It is nearly 2:30 a.m. I tried going to bed at 11:00 p.m., but only tossed and turned. Tomorrow is a big day (or should I say TODAY is a big day?). It is our Thanksgiving celebration in our new home. We have family and friends who will be coming to enjoy it all with us.
Yet here I sit, not able to sleep. I attribute some of that to forgetting to take my pain medication tonight for my shoulder. It helps immensely in sleep. Fact of the matter is, it knocks me out cold within 2 hours or so of taking it. But I forgot until nearly 11, and once it is that late, I can't take it or I won't be able to wake up in the morning.
Something is nagging at me, but I am not sure what. Money is always an issue as a single parent. I was blessed to get the settlement from workman's compensation (despite the fight it took to get to that point). It will allow us to be on our own. Not without watching every penny, but with Yehovah's grace it will last long enough.
I spent some time today reading the posts of my friends on Facebook. What wonderful people I have in my life! I hope I show them enough how much I truly appreciate them.
My children were a great blessing today, helping me get ready for tomorrow's feast. They cleaned, helped cook, and also helped take care of their 17mos. old nephew. I am so proud of them and hope that I tell them enough.
Enough.....it a word that has a huge impact. If you have too much, you are considered to have "more than enough". If you have just the right amount, you have "just enough". And if you don't have much, you are considered to have "not enough".
But when it comes to Yehovah's love and grace, are you grateful enough? Do you realize that he gave his only son, Yeshua, so that you might have salvation? Could you do that? Give up a child of yours, in order to help all of mankind, with no guarantee that they will appreciate or even accept your gesture? I doubt I could.
But Yehovah could, and did. It was part of His plan. To bring man back to Him. Too often we get caught up in what others will think is enough. I was guilty of this today, in trying to get ready for Thanksgiving. My plans didn't go according to my "to do" list. Rather than stay home and supervise the cleaning and putting things away to make the house look neater, I spent about 2 hours of the day helping my son-in-law get his car fixed (I was his transportation).
Not much got done from my list today. The basics did. But something much more important happened. My son-in-law and I bonded more. He and my daughter both told me how much they appreciated my help.
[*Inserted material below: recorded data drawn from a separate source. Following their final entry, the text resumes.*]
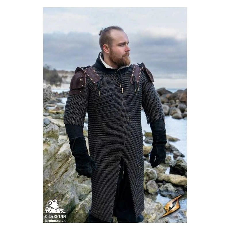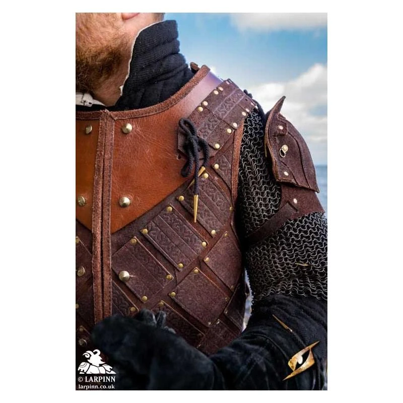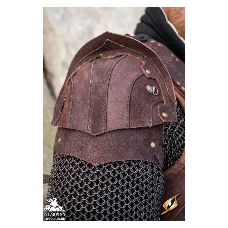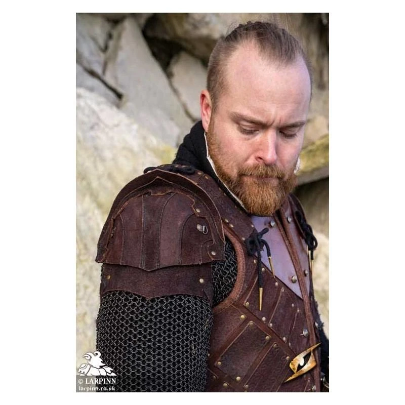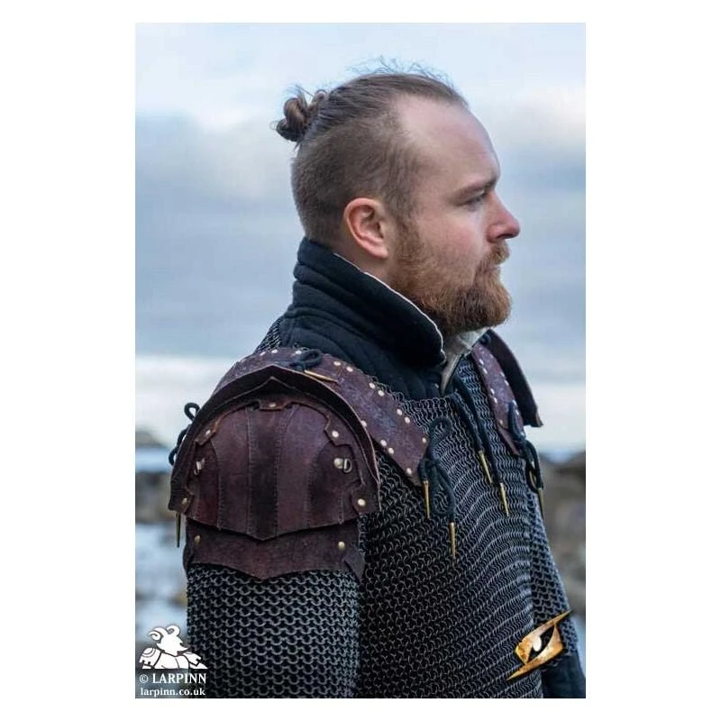 Epic Armoury’s Brown Suede Leather Woodsman Shoulder Set is the perfect way to gear up for battle. This awesome leather pauldron set is constructed from strips of chrome-tanned leather stitched together to form an impressive armour. Suede has the advantage of giving your Larp character an authentic period look with a fantasy twist. Each pauldron is equipped with a leather shoulder strap that can be fixed to any cuirass or body armor. The shoulder strap is covered in riveted plates and embossed with a lavish Celtic pattern. This snug-fitting pauldron is ideal for wanderers and warriors seeking affordable, light armour protection that will not hinder movement in battle.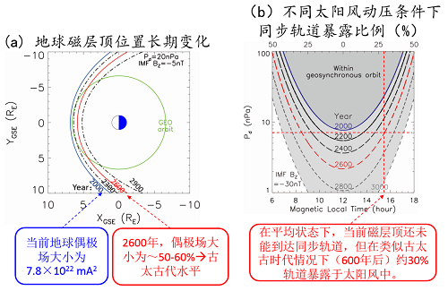 该项研究成果近期发表在美国地球物理期刊Journal of Geophysical ResearchZhong et al. Increasing exposure of geosynchronous orbit in solar wind due to decay of Earth's dipole field. Journal of Geophysical Research, 2014, 119: 9816–9822)。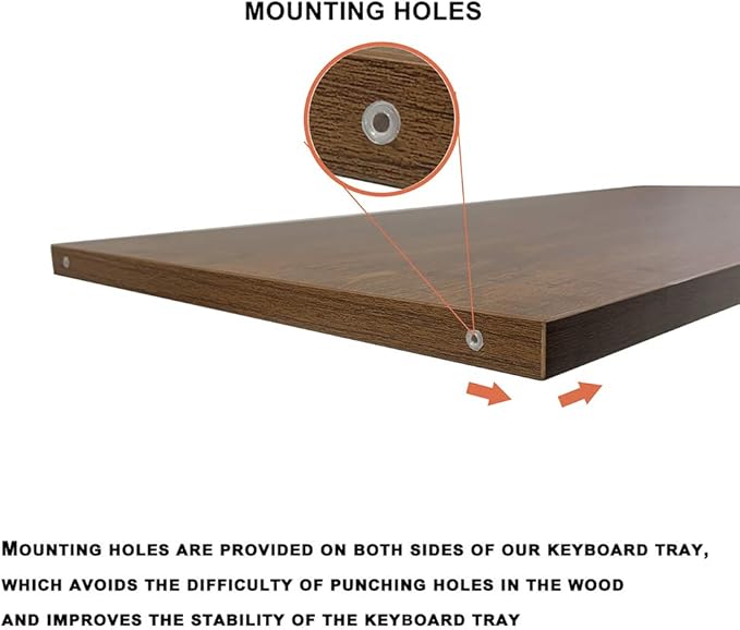 - SIMPLE ZERO EFFORT INSTALLATION:Mounting holes are provided on both sides of our keyboard tray, which avoids the difficulty of punching holes in the wood and improves the stability of the keyboard tray and quickly for an easy once for all install.Ball Bearing slides and all hardware are already provided in the package!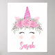 Poster Personalizado De Unicornio Con Nombre Rosa Que Puede Personalizar Añadiendo Su Nombre!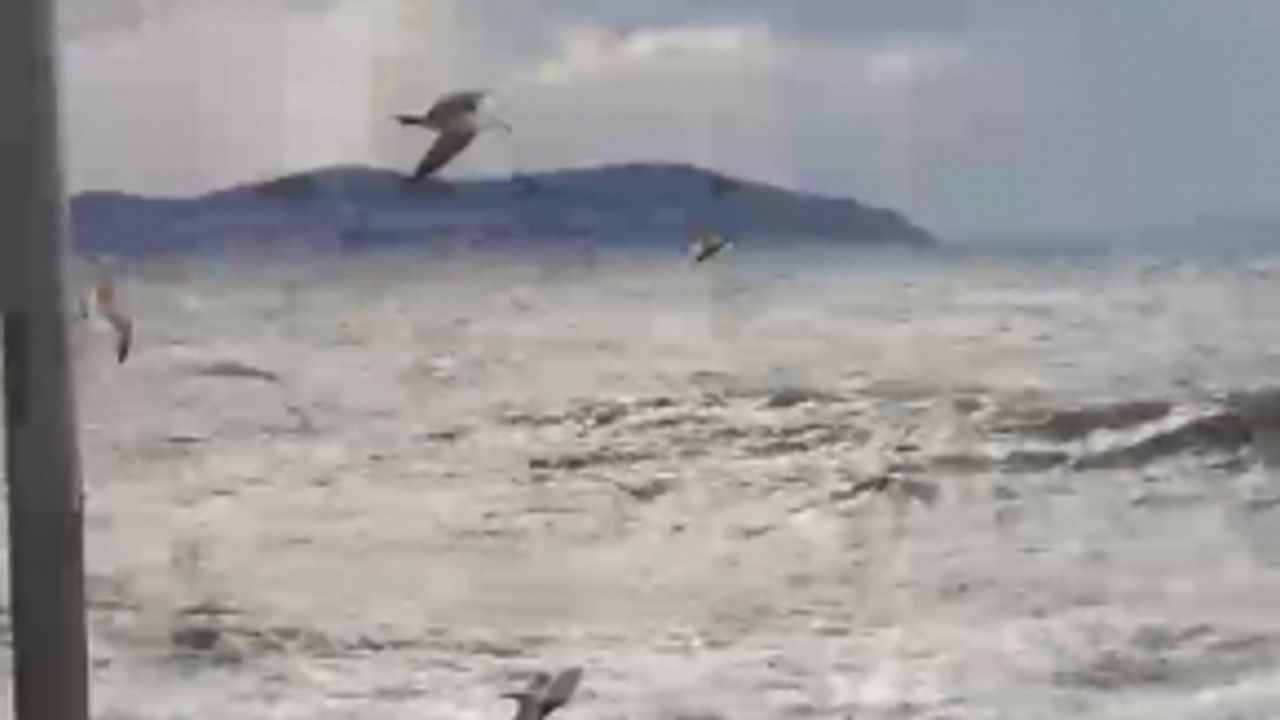 Kadıköy Caddebostan sahilinde lodosa karşı uçmaya çalışan martılar şiddetli rüzgarın etkisiyle zor anlar yaşadı. Rüzgara karşı kanat çırpan martılar...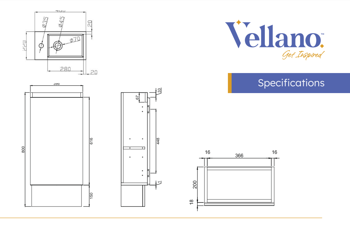 White Gloss pencil edge finish; Single door Finger-pull; Removable Kickboard or Wall Hung; Internal shelf; Quality water resistant materials; White Cast 50mm Poly Top - Reversable for Left or Right tap hole; 10 year warranty;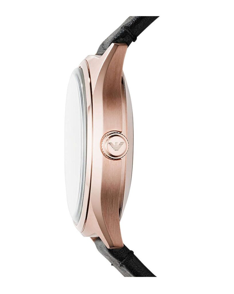 Give time to check a new definition with this stunning watch from Emporio Armani. Combining functionality with a smart style, this Emporio Armani watch is the go-to timepiece for daytime to evening wear and beyond. Its Stainless Steel case is sharp, bold, and artfully constructed. Its strap is conceptualized and crafted with the goal to make a statement. It features a stainless Steel With Shiny and Satin Finish, Pink Gold Color. Transparent Glass Watch And Black Dial. Made of Stainless Steel With Gold Shiny Gold Finish. Stylish Leather Strap With Black Lucent Finish.Â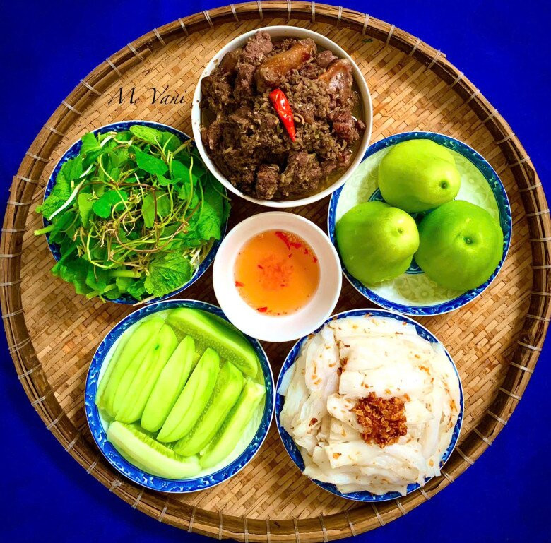 Ngan giả cầy ăn kèm bánh mướt.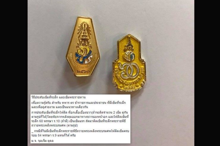 เมื่อวันที่ 25 ต.ค. พลตรี หม่อมเจ้าจุลเจิม ยุคล โพสต์เฟซบุ๊กส่วนตัวแนะนำวิธีการประดับเข็มพระราชทานและเข็มที่ระลึก สำหรับข้าราชการและประชาชนที่จะไปร่วมงานพระราชพิธีฯ โดยมีเนื้อหาว่า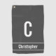 This plain and basic golf towel design has a custom name and initial letter. A golf towel like this might be a fun personalized gift for somebody who likes golf. [~Z0000440]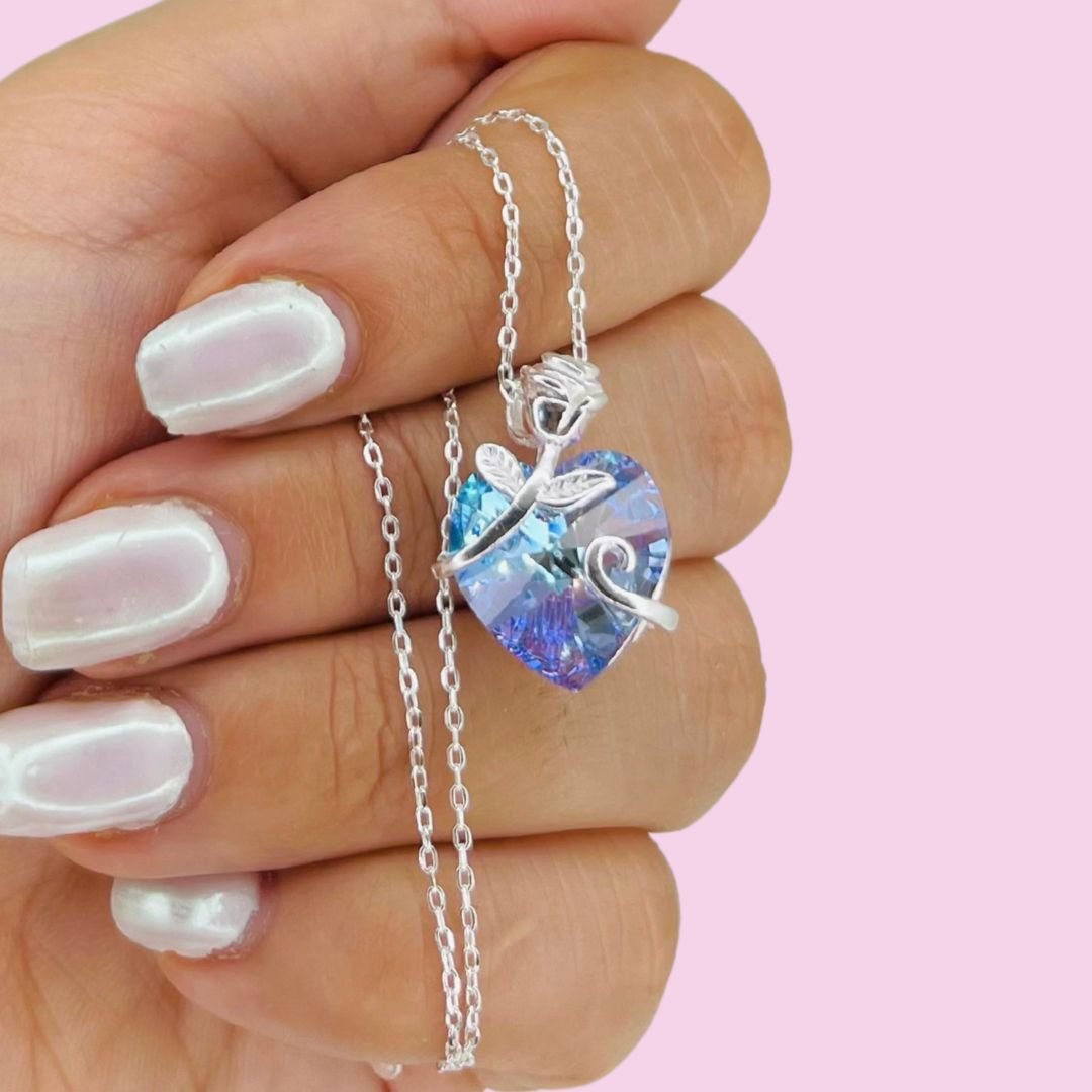 Artículo: KIT 336Conjunto Piedra corazon swarovski con rosa Plata Italiana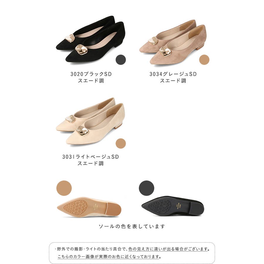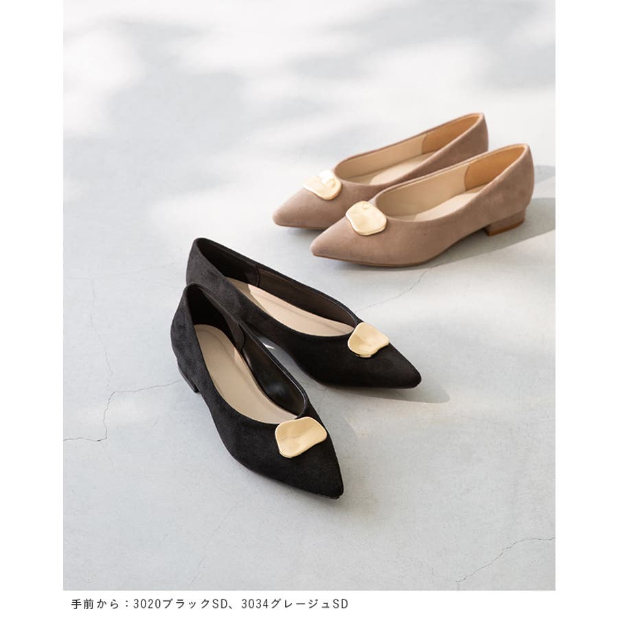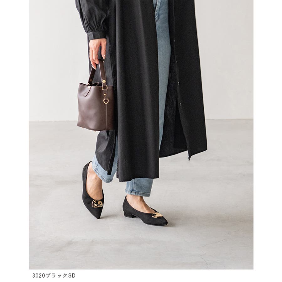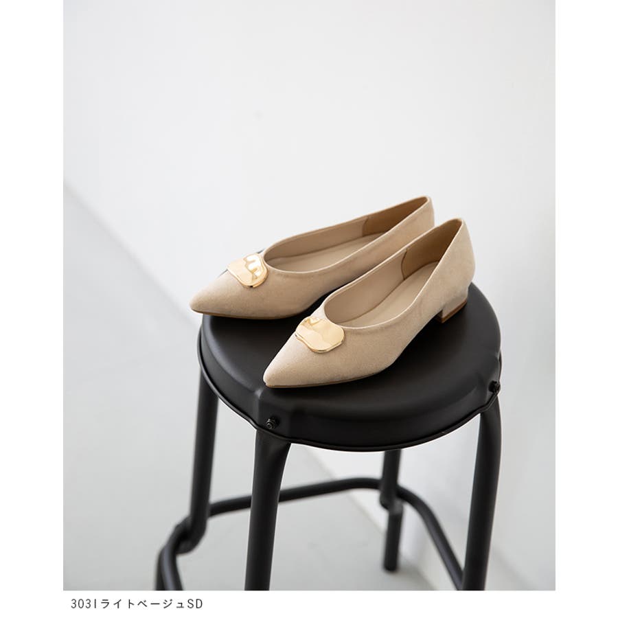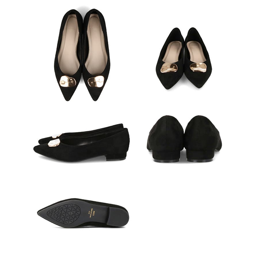 ポインテッドトゥ×ゴールドのオーナメントで一気に大人の女性らしさをアップ。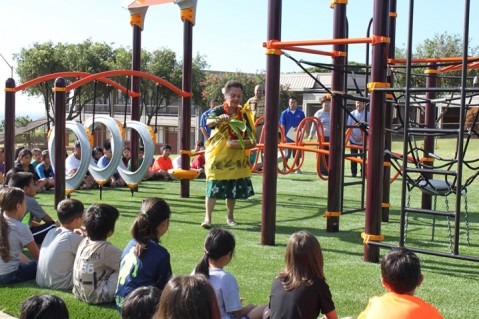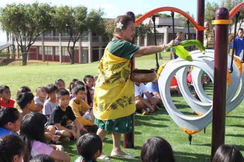 Momilani Elementary School's sparkling, brand new playground exercise station was blessed on Monday, November 17, 2014 in a ceremony performed by Kupuna Minerva Pang with the school's administration, staff, and students joining in on the blessing.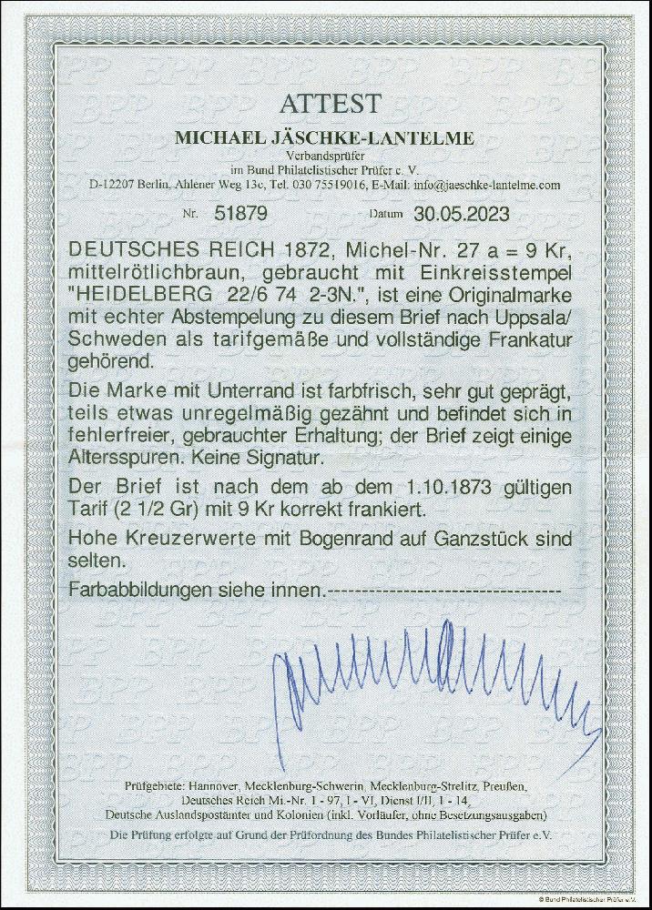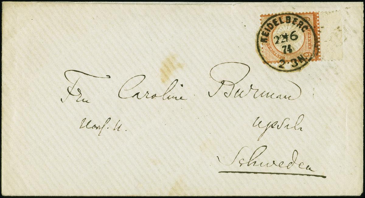 | Zusatzinformationen und Suchstichworte: | 382. Auktion Heinrich Köhler 18. – 23. September 2023 Los 2278 9 Kr. mittelrötlichbraun mit Unterrand, farbfrisch und sehr gut geprägt, winzig unregelmäßig gezähnt, sauber mir EKr. "HEIDELBERG 22/6 74" auf weißem Kuvert nach Uppsala, Schweden, tadellos. Ein sehr schöner Brief, Randstücke der hohen Kreuzerwerte sind auf Ganzsstücken selten, Fotoattest Jäschkel-L. BPP (2023) Ausruf 150,00 EUR |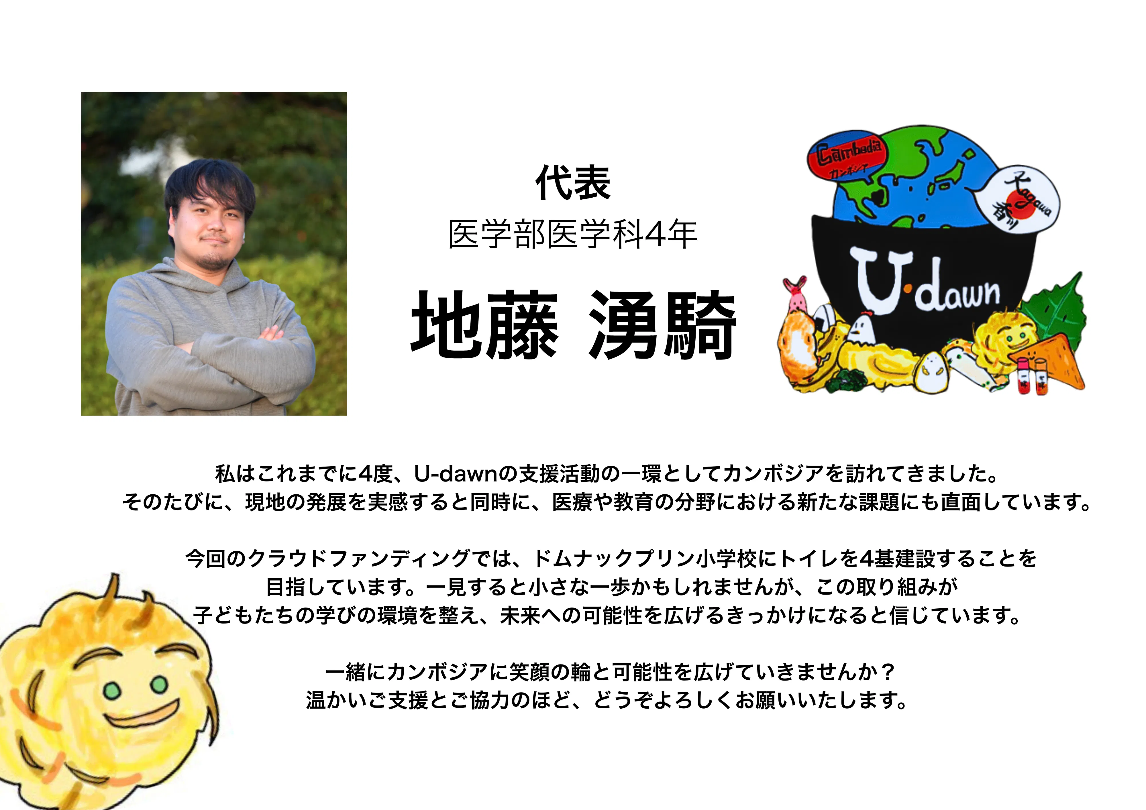 私たちは、香川大学の学生を中心にカンボジアへの支援活動をしている香川国際協力NGO U-dawn(ユードーン)です。
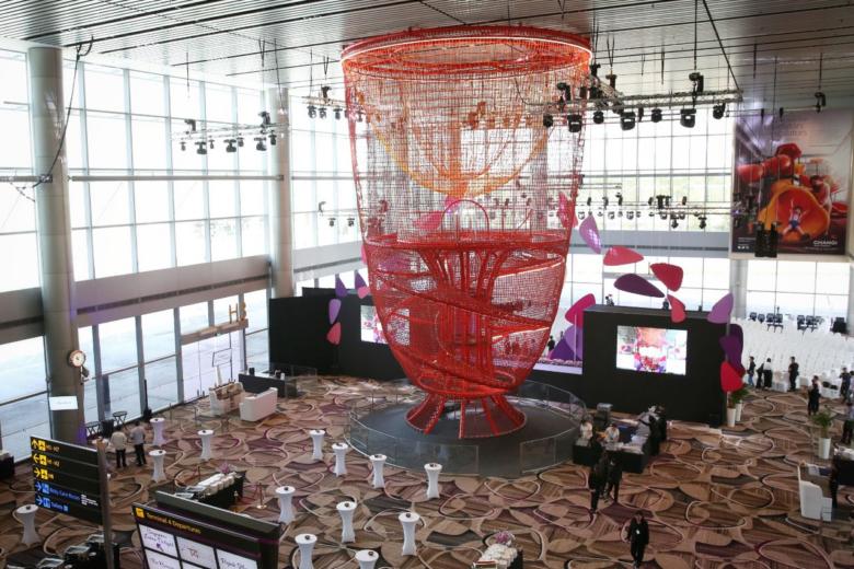 It features climbing nets and a pole for people to slide down at 2m intervals, Changi Airport Group said on Friday (Aug 3) when it unveiled the attraction at the official opening of T4, which started operations on Oct 31.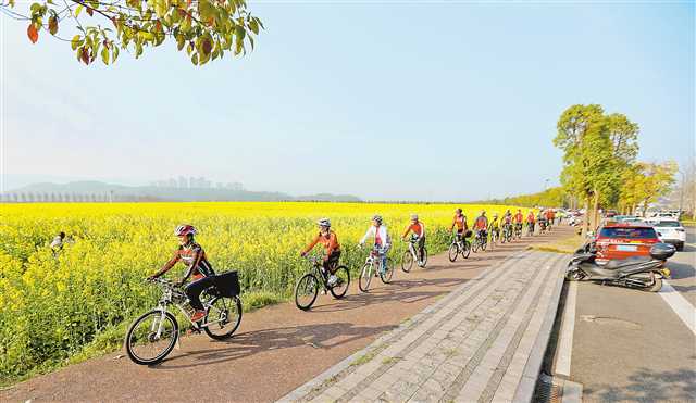 重慶廣陽島,一隊騎行愛好者迎著明媚的春光邊賞花邊鍛煉。特約攝影 鐘志兵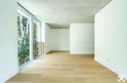 An der Rückseite der Garden Residences befinden sich die Schlafzimmer mit Zugang zum Atrium. Hier liegt der ruhige und introvertierte Teil des Apartments. Machen Sie ein paar Schritte hinaus und sofort werden sie von dem freundlichen Grün aufgenommen, welches den starken, beschützenden Mauern eine sanfte und lebendige Note gibt.

It wasn't the praise from them that made today enough. It was the fact that I could help someone else. My children. But even if it had been a stranger, I would have gladly done it. Because the boxes of things that make the corner at the end of the hall look cluttered, will still be there on Friday. They aren't going anywhere.
The house is clean, the food is nearly all ready except for the must haves that get cooked tomorrow, my children are happy and excited for family time tomorrow.
Yehovah gives us enough. He provides for our needs. He gives us free will to choose paths in this life, but he is there with His hand on our shoulder the whole time guiding us towards the path he would have us take. Today he guided me towards a broken car, not my mop and broom.
And it is enough. And I am thankful beyond measure for Yehovah's love and grace in my life. It will always be more than enough.
I hope you and your families have a blessed Thanksgiving, and that you have more than enough in Yehovah's embrace.